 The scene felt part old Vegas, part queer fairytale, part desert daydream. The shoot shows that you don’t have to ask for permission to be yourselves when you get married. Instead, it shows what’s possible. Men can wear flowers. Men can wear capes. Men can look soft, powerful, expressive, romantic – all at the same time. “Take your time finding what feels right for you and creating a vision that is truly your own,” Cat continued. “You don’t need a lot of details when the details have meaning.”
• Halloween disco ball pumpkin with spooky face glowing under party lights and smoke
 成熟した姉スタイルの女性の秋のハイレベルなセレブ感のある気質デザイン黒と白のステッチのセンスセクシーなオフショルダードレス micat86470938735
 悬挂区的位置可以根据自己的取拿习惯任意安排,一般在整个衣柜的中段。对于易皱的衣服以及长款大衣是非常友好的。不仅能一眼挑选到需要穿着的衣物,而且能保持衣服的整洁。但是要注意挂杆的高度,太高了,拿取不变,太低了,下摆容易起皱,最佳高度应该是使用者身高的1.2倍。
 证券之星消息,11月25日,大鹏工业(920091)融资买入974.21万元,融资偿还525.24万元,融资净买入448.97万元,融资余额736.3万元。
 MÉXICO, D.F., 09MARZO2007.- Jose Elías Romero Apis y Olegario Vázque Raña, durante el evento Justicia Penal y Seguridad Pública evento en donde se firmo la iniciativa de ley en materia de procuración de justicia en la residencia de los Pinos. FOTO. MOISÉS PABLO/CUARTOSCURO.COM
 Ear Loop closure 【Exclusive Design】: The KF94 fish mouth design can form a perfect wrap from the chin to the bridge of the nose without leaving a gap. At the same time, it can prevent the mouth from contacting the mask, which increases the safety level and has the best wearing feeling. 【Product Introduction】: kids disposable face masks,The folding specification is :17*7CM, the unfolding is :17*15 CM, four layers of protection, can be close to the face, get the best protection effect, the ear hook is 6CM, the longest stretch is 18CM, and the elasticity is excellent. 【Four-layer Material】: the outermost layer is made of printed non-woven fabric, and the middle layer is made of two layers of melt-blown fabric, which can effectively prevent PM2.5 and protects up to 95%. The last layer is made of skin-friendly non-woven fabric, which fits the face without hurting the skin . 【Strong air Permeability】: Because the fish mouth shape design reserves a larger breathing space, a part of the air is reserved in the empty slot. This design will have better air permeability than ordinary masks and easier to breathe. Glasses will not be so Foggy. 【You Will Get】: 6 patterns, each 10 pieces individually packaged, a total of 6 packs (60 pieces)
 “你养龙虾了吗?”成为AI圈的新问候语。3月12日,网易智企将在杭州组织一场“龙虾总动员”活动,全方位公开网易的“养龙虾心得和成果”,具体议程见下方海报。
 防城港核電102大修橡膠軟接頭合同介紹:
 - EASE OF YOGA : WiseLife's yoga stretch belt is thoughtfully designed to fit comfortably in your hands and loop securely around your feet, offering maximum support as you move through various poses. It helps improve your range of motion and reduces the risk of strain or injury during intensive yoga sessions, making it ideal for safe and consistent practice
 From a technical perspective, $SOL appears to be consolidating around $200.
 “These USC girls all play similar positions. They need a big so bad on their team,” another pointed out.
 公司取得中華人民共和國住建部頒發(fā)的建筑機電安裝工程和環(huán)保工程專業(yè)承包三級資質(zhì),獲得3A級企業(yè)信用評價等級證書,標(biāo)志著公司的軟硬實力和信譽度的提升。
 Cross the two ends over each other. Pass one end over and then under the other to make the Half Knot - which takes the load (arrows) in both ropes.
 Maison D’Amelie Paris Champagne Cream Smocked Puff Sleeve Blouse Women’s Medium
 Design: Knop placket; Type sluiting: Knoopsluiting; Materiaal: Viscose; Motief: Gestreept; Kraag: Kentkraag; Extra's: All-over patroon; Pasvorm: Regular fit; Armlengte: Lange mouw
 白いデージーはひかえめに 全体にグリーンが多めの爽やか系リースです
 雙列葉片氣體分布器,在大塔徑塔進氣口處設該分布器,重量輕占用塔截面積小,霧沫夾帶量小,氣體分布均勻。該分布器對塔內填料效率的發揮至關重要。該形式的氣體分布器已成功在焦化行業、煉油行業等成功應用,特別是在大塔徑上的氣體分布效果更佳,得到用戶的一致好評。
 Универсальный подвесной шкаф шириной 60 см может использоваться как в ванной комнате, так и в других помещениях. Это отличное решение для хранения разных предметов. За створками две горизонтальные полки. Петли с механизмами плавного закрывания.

——————

**Activity**
Work out how many lines in the material above hold the string "under", and reply with the number only.

**Result for this exercise**
2